Current implementation still has two opens which we would like
to hear suggestions:

  1) Will #NM be triggered in host kernel?

  Now the code is written assuming above is true, and it's the only
  reason for saving guest XFD_ERR at preemption time. Otherwise the
  save is only required when the CPU enters ring-3 (either from the
  vCPU itself or other threads), by leveraging the "user-return
  notifier" machinery as suggested by Paolo.

  2) When to enable XFD_ERR save/restore?

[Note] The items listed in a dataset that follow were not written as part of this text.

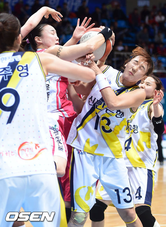 4일 오후 인천 도원체육관서 열린 'KB국민은행 2014-2015 여자프로농구' 인천 신한은행과 부천 하나외환의 경기, 1쿼터 하나외환 김정은과 신한은행 김단비가 리바운드를 다투고 있다.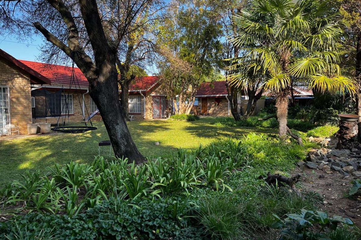 Entertain effortlessly in a private suburban setting on 1,428 m² — pool, lapa with braai, dining lounge with built-in braai, study, four bedrooms, two baths and three garages.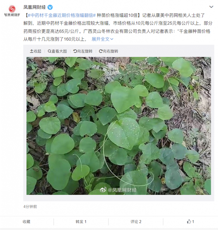 广西灵山冬林农业有限公司负责人还表示:“千金藤种苗价格从每斤十几元涨到了160元以上,部分小公司报价甚至达到二三百元。”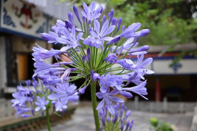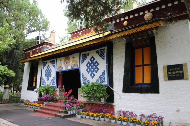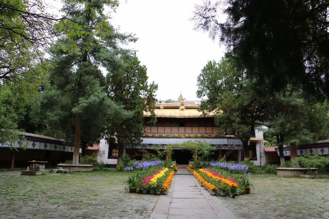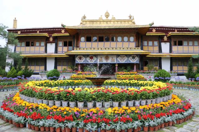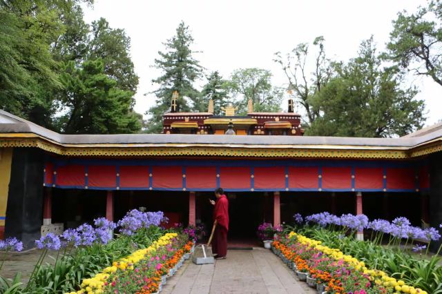 罗布林卡内的树木很密集,共有100多种植物,其中还有取自西藏各地甚至内地和国外的名贵花卉,被称为“高原植物园”。一走进园区便有浓密高大的树木出现在眼前,掩盖了内部的建筑,只有脚下的宽阔石板路引领人们向前。由于游人不多,使得园内有难得的静谧之感,阳光穿过浓密树叶漏洒在石板上非常安静,周围两侧的花朵多种多样又色彩斑斓,景色在拉萨十分难得。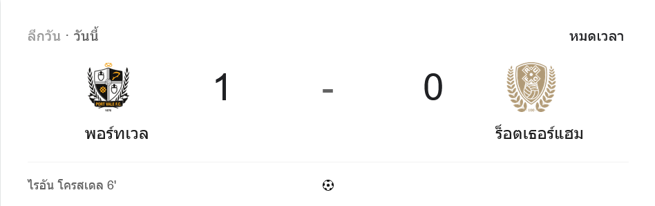 บ้านผลบอล ศึก ลีก วัน อังกฤษ คู่นี้จบลงแบบเข้มข้น พอร์ท เวล เปิดบ้านเฉือน ร็อตเธอร์แฮม ยูไนเต็ด 1-0 จากประตูชัยของ ไรอัน โครสเดล นาที 6 เก็บสามแต้มสำคัญแบบสะใจ แม้รูปเกมจะโดนทีมเยือนกดดันหนัก โดยเฉพาะครึ่งหลัง แต่เจ้าถิ่นยังยืนระยะได้เพราะความเหนียวของ โจ เกาชี ที่โชว์เซฟหลายจังหวะจนพาทีมปิดเกมแบบคลีนชีต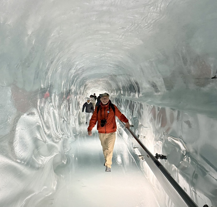Five minutes into the oval, you reach a lift that whisks visitors up to the outdoor Sphinx Terrace (3571 meters (11,716 feet).  On a clear day, the terrace would offer exhilarating views of the surrounding peaks and valleys, all the way from France’s Vosges region to Germany’s Black Forest.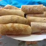 Сворачиваем блины в рулет, перекладываем на блюдо или доску, ставим в холодильник для пропитывания на 1-2 часа.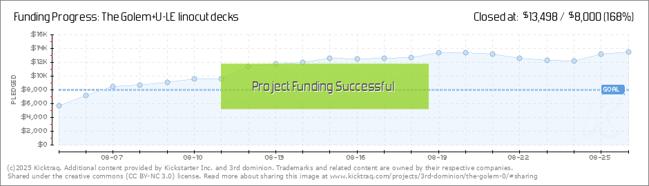 Help your backers reach your daily goals and help others see how you're doing. It's easy, with Kicktraq Mini.Here are a few quick snippits of code you can use to embed your personalized widget on your website, in your blog, and even on your favorite forum.
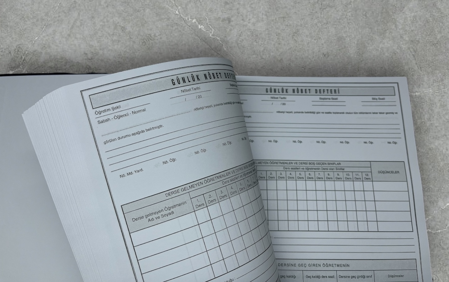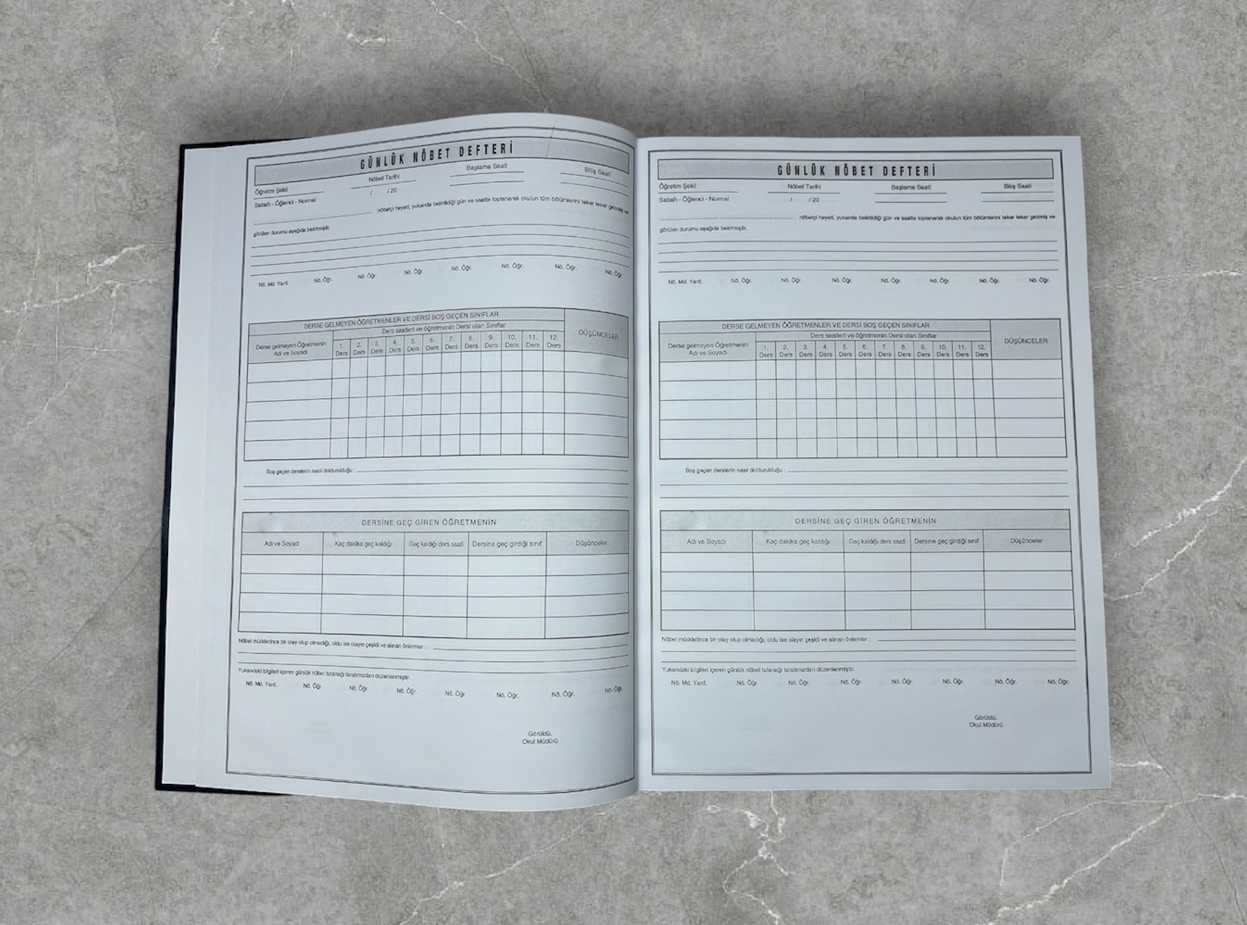 Sert kapaklı ve yaldız baskılı ciltlenmiş, okullar için hazırlanmış Nöbetçi Defteri’dir.

  There are four options on the table:

    a) As long as guest cpuid has xfd enabled

       XFD_ERR save/restore is enabled in every VM-exit (if preemption
       or ret-to-userspace happens)

    b) When the guest sets IA32_XFD to 1 for the first time

       Indicate that guest OS supports XFD features. Because guest OS
       usually initializes IA32_XFD at boot time, XFD_ERR save/restore
       is enabled for almost every VM-exit (if preemption or ret-to-
       userspace happens).

       No save/restore for legacy guest OS which doesn't support XFD
       features at all (thus won't touch IA32_XFD).

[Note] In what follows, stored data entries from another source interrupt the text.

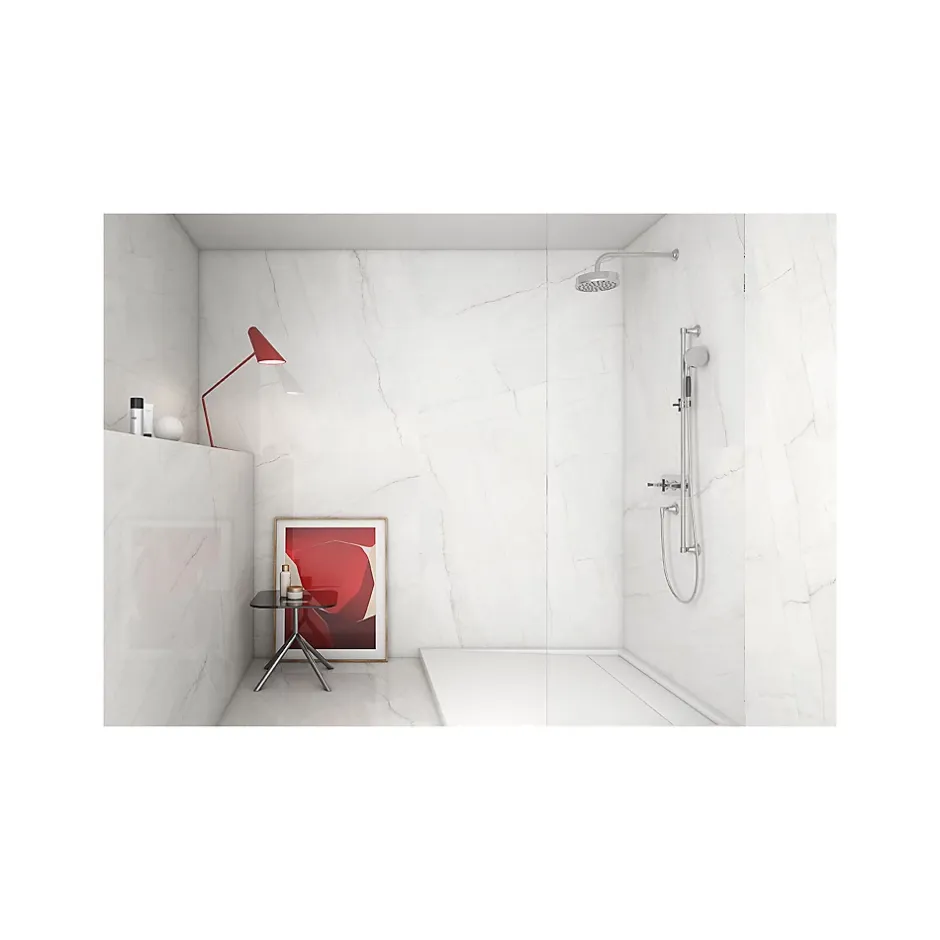 Couleurs : blanc veiné gris clairFormats (rectifiés) : 120x120cm / 120x60cm / 60x60cm / 60x30cmÉpaisseur : 1cm Finition : poliEffet : Marbre Application : sol et mur / intérieur et extérieur RECOMMANDATION : prévoir un volume de 10% ou 15% supplémentaire (pose droite ou diagonale) par rapport à votre surface pour les pertes liées aux coupes et au calepinage.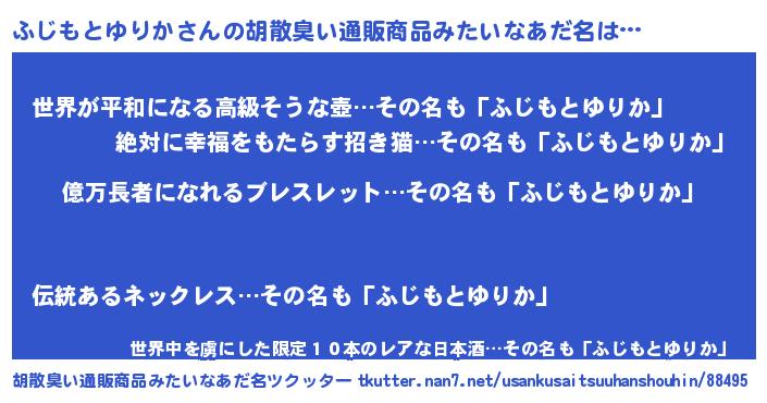 | 恥ずかしいあだ名 | 『プリティーふじもとゆりか』『ふじちん』 |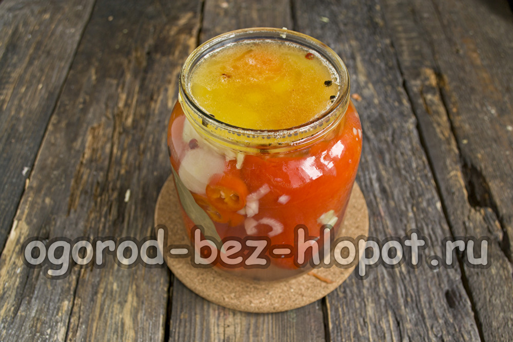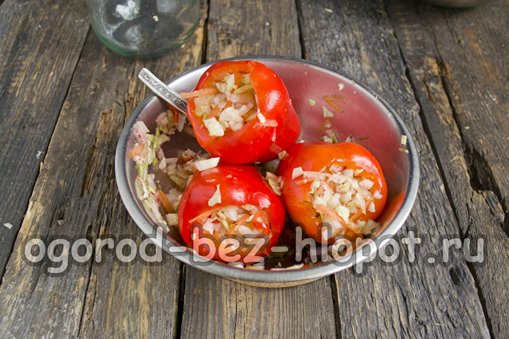 Слагаме зеленчуците в буркани, заливаме с вряла вода, оставяме за няколко минути да ги затопли.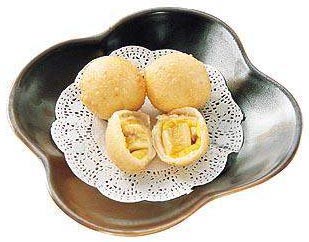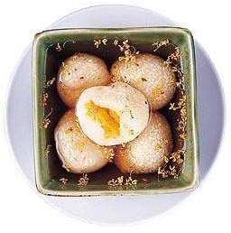 南瓜汤圆通常以南瓜做皮,这个则以南瓜做馅,外层蘸芝麻增添香口的感觉。汤圆放于桂花糖水内,外香内甜,保证这个元宵节会甜蜜蜜。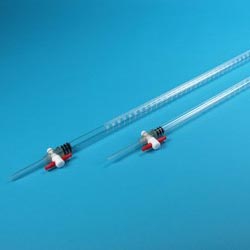 Cuerpo transparente de PMMA (polimetilmetacrilato) y llave de PTFE autolubricada.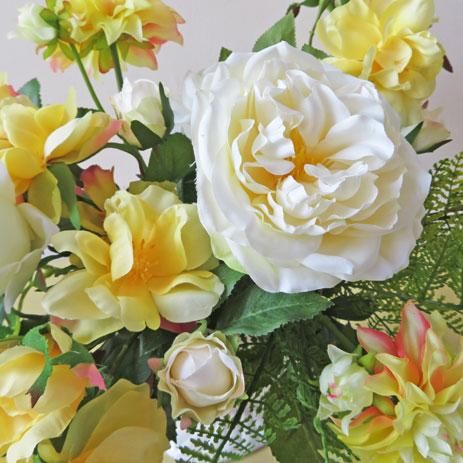 光触媒加工された造花のアレンジメントです。アーティフィシャルフラワー(高級造花)のローズの良さが際立ちます。黄色は、開店祝いや開院祝いに人気です。贈りものにいかがでしょうか。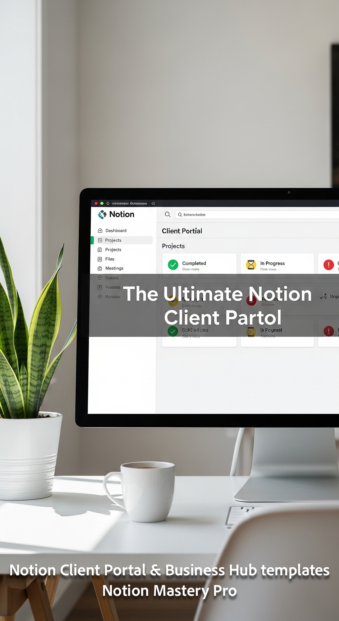 1 Realistic minimalist home office with a large monitor showing a Notion client portal dashboard wit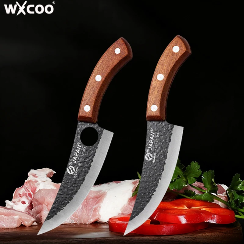 WXCOO 전문가용 수제 정육칼, 나무 손잡이, 스테인리스 스틸 본잉 나이프, 풀탱 주방칼

    c) When the guest sets IA32_XFD to 0 for the first time

       Lazily enabling XFD_ERR save/restore until XFD features are
       used inside guest. However, this option doesn't work because
       XFD_ERR is set when #NM is raised. An VM-exit could happen
       between CPU raising #NM and guest #NM handler reading XFD_ERR
       (before setting XFD to 0). The very first XFD_ERR might be
       already clobbered by the host due to no save/restore in that
       small window.

    d) When the 1st guest #NM with non-zero XFD_ERR occurs

       Lazily enabling XFD_ERR save/restore until XFD features are
       used inside guest. This requires intercepting guest #NM until
       non-zero XFD_ERR occurs. If a guest with XFD in cpuid never
       launches an AMX application, it implies that #NM is always
       trapped thus adding a constant overhead which may be even
       higher than doing RDMSR in preemption path in a) and b):

         #preempts < #VMEXITS (no #NM trap) < #VMEXITS (#NM trap)

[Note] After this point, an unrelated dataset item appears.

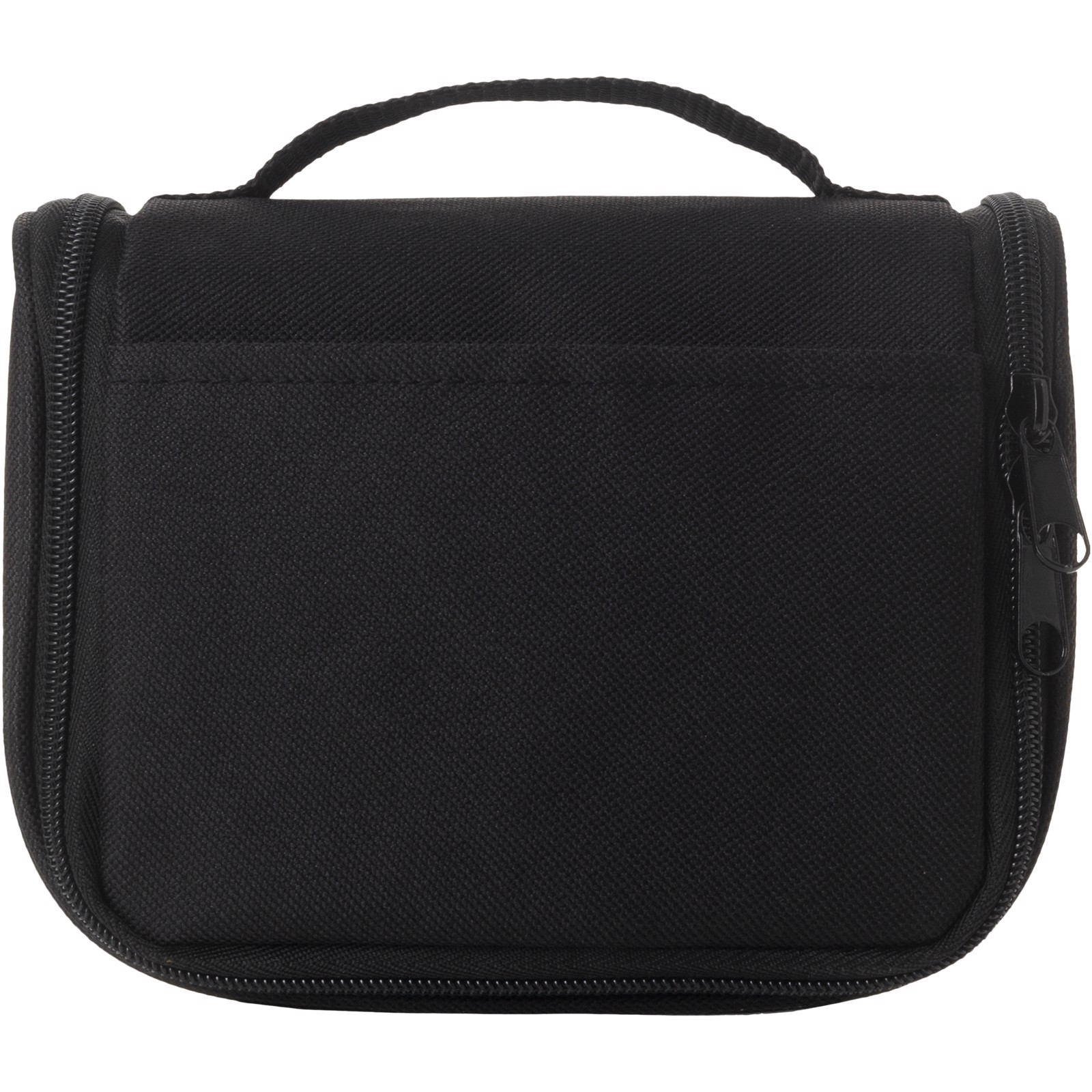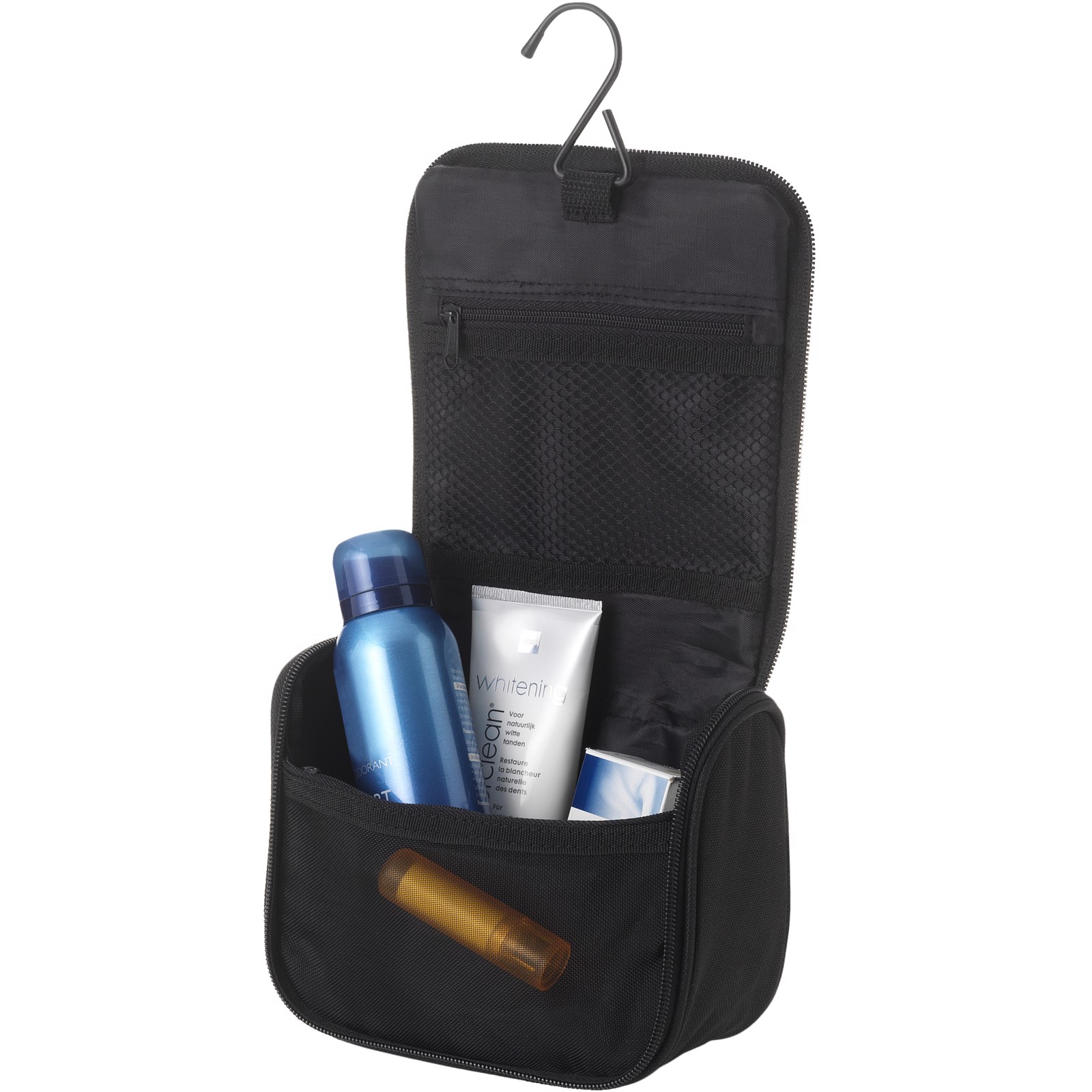Smart, small and compact hanging toiletry kit with rear metal hook. Main compartment with gusseted elastic pockets for toiletries and handy see-through mesh sections.

       The number of preemptions and ret-to-userspaces should be a
       small portion of total #VMEXITs in a healthy virtualization
       environment. Our gut-feeling is that adding at most one MSR
       read and one MSR write to the preempt/user-ret paths is possibly
       more efficient than increasing #VMEXITs due to trapping #NM.

For above analysis we plan to go option b), although this version
currently implements a). But we would like to hear other suggestions
before making this change.

Signed-off-by: Jing Liu <jing2.liu@intel.com>
Signed-off-by: Kevin Tian <kevin.tian@intel.com>
Signed-off-by: Yang Zhong <yang.zhong@intel.com>
---
 arch/x86/kernel/fpu/core.c | 2 ++
 arch/x86/kvm/cpuid.c       | 5 +++++
 arch/x86/kvm/vmx/vmx.c     | 2 ++
 arch/x86/kvm/vmx/vmx.h     | 2 +-
 arch/x86/kvm/x86.c         | 5 +++++
 5 files changed, 15 insertions(+), 1 deletion(-)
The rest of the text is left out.